*What is being asked:*
Set down each line of the data exactly, but not the pictures.

*Provided data:*
══════
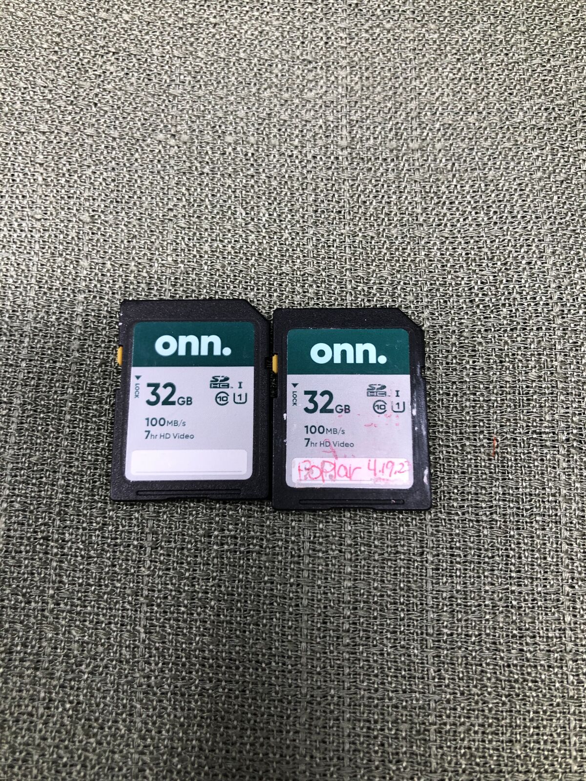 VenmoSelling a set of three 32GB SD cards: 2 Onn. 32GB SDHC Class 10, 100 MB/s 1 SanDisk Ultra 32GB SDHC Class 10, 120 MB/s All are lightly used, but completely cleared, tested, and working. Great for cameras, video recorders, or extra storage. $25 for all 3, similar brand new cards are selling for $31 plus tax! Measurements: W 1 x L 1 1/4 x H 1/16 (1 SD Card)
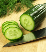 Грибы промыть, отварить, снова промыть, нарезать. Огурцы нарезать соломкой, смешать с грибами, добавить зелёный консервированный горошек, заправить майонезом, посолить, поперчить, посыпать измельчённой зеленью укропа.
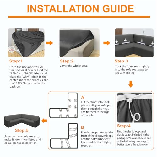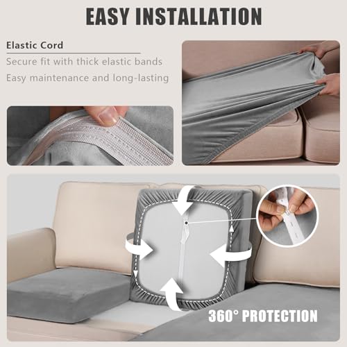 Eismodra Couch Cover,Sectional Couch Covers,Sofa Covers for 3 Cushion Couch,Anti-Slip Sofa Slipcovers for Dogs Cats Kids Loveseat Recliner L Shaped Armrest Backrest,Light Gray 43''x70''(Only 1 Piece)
══════
*Reply:*
 VenmoSelling a set of three 32GB SD cards: 2 Onn. 32GB SDHC Class 10, 100 MB/s 1 SanDisk Ultra 32GB SDHC Class 10, 120 MB/s All are lightly used, but completely cleared, tested, and working. Great for cameras, video recorders, or extra storage. $25 for all 3, similar brand new cards are selling for $31 plus tax! Measurements: W 1 x L 1 1/4 x H 1/16 (1 SD Card)
 Грибы промыть, отварить, снова промыть, нарезать. Огурцы нарезать соломкой, смешать с грибами, добавить зелёный консервированный горошек, заправить майонезом, посолить, поперчить, посыпать измельчённой зеленью укропа.
 Eismodra Couch Cover,Sectional Couch Covers,Sofa Covers for 3 Cushion Couch,Anti-Slip Sofa Slipcovers for Dogs Cats Kids Loveseat Recliner L Shaped Armrest Backrest,Light Gray 43''x70''(Only 1 Piece)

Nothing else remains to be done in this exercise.